David Pye contrasts what he calls workmanship of risk, in which throughout the process of making, the final piece is in danger, with workmanship of certainty in which the outcome of the piece is guaranteed. Workmanship of risk is generally applied to crafts while workmanship of certainty is to mass production.

Over the last few years I have conducted workshops with volunteers without any experience whatsoever, building furniture for low income families and transforming small spaces. Furniture tells us how it wants to be used, teaches us how to live in our spaces -for better or worse- and sends a message about the kind of spaces and lives we believe we are entitled to. In “Welcome to your World,” Sarah Williams Goldhagen talks about the importance of good design in big architectural spaces, but what she says can also be applied to people’s rooms.

Every workshop begins similarly.

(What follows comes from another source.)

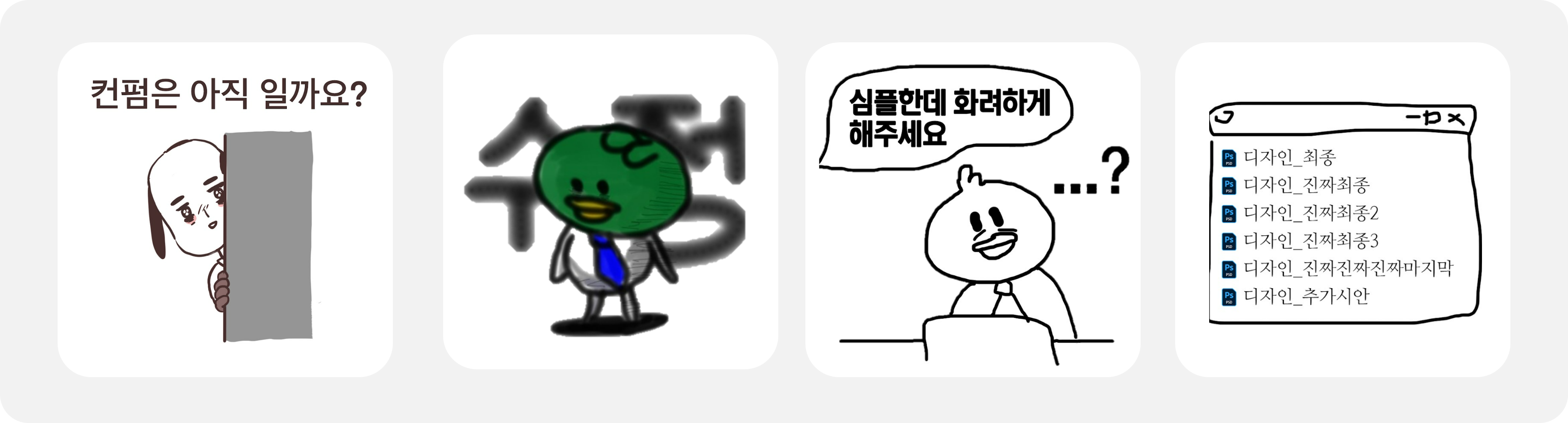 - 최종 피드백: 2차로 완성된 이모티콘에 잔디 팀이 최종 피드백을 전달합니다.

I have to reassure everybody that they are capable of doing the work. Concern arises from the little to null experience that we have in building the objects that surround us. Not many of us have a direct connection with the process of making. Usually somebody else builds our house, the furniture that we use is bought at a store and we´ve become increasingly used to complex electro domestics. We have gotten used to being surrounded by the workmanship of certainty and the polished objects that it usually produces. Even the tools that some of us use for the workmanship of risk are really complex. Looking at any tool catalog you´d be excused if you closed it convinced that you needed a tool in the hundreds of dollars to measure up to microns of a, not always needed, precision. Their goal (even when they do help you), is to sell you tools that you don’t necessarily need. It’s easy to become intimidated, but building can be much simpler and accessible.

When well-designed buildings and designer chairs surround you, but you lack access to them, there’s a risk that you convince yourself that quality spaces are not for you and get used to low quality surroundings. If public infrastructure is non-existent in your neighborhood, your private surroundings tend to reflect that. That you can be an active participant in building and improving them, doesn’t cross your mind. When we are spectators in the construction of our spaces, when the quality of those spaces comes from outside, it’s easy to get used to accepting whatever comes. Learned helplessness has to be unlearned.

For Karl Popper, “all life is problem solving”, but we have gotten used to outside solutions. Used to believing that we cannot solve our spaces. If we want to build Infrastructures of Inclusion, we have to create the mindset to make them possible. We can learn to be problem solvers while building our surroundings. We don’t have to wait for big perfect projects. We can imperfectly work to improve our small private spaces and if we help each other and do it together, maybe build a community. Doing so, can help us to become more than just visitors in our own neighborhoods.